What’s important is that you’re doing something about it. And we don’t mean buying lots of candy in hopes there’s plenty left over once the neighborhood kids have come and gone. You are planning on going out this year, aren’t you?  Remember what happened last year?

You stayed at home. Came up with some lame excuse, and threw a sheet over your head to hand out treats.  And the next day, you kicked yourself, because you missed the one night a year adults are given license to dress up out of the norm.

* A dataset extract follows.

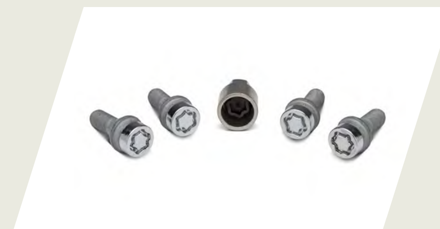
JUEGO DE TORNILLOS ANTIROBOS PARA RUEDA CÓD. 50902050

Well, missy, it’s 2009, and time to quit making excuses. Get your girl on and get out the door! Start sending e-mails to your nearby BFFs, and get organized. If you’re not used to going out in public, there’s safety in numbers. If you’re in any kind of metropolitan area, there’s likely a TG support group of some shape, and its members are probably having some kind of a party. Wrangle an invitation, and go have some fun. No friends, and no club? No problem. If there’s a GLBT bar in your area, you’re likely to find someone else in a similar situation. If nothing else, you will probably make a new friend of some stripe, if you’re not too shy.

School girl 2003
School girl 2003

But, let’s say you live in the boondocks: there’s no gay bars, no support group, and no other TG’s anywhere near you, (as far as you know). Halloween is on a Saturday this year. Drive somewhere where a T community exists. Make a mini vacation out of it. You have all day Sunday to recover. Besides, with the economy still dragging, (yes, we said that), motels are still desperate for guests.

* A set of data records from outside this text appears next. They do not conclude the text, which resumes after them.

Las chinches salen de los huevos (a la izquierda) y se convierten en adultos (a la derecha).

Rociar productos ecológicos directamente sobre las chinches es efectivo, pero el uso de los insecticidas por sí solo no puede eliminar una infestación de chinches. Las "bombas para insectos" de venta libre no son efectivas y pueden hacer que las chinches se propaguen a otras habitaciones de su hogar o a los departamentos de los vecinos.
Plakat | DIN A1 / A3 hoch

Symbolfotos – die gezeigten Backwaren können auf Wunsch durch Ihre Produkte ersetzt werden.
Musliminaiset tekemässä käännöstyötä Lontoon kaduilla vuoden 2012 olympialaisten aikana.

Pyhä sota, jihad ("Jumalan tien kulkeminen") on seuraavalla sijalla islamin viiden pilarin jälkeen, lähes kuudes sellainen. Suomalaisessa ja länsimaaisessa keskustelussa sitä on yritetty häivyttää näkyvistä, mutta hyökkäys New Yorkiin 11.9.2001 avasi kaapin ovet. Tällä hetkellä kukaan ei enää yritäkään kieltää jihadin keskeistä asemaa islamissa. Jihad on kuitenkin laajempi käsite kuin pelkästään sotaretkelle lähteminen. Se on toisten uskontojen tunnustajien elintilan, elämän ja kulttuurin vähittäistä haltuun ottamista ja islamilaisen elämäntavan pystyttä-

Worst case scenario, you live 300 miles from the boondocks. Find a straight bar holding a Halloween party, hold your head up high, and have fun. It’s been done before. Patrons, whether they know you or not, will probably assume you’re just having a laugh. Especially if you keep a good attitude all night. And since you’re going out close to home, take friends. Make them all dress in drag as well.

But, Ronnie, (I hear you say), I go out all the time. Matter of fact, Halloween is kind of boring. What can I do?

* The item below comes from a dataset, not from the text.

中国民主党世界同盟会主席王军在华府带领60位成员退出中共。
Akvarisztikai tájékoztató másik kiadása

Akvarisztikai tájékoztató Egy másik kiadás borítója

Stop whining for one thing, and get thee a costume. Don’t just go out en femme; go out en femme in costume! Women-born-women don’t dress up for Halloween as women, they dress up as female characters.  You can do the same. (Though a note of caution: no matter how sexy the model on the costume package looks, it’s not the costume that gives her those curves. And it won’t give you the curves either.)

Get your TG friends together and get a theme. Go as the princesses from the Disney movies. All dress as maids, witches, vampires, or nuns, or vampire nuns who practice witchcraft and good housekeeping. We’ve got a group in Cincinnati, where for the second year, we’re all dressing like Dorothy from the Wizard of Oz.  Do that. Or all dress like Daphne from Scooby Doo. Or Velma, if that’s more your speed.

Friends of Dorothy, 2008
Friends of Dorothy, 2008

We had a blast as the “Friends of Dorothy” wherever we went last year, and were greeted on our bar crawl with much warmth. (Except for the GG who was dressed as Dorothy. She didn’t seem to be too pleased with us for some reason.)  We hit gay bars and straight bars, and lots of people, gay and straight wanted their pictures taken with us. (We also rented a limo so we didn’t have to worry about parking or driving under the influence.) And for the record, we had three TG Dorothy’s, and three GG Dorothys. This year, we tentatively have 12 Dorothys, including trans, GG, and straight and gay males.

But we hear you asking, what about the aftermath? What happens Monday morning, when a co-worker asks what you did for Halloween. Be honest. Tell them: I put on women’s clothing, and hung around in bars. Chances are good they’ll think you’re nuts, (which they probably thought anyway), or they’ll think it’s fun. (You’ll have to be the judge of your co-workers. You already know who’s cool, and who’s a tight ass.)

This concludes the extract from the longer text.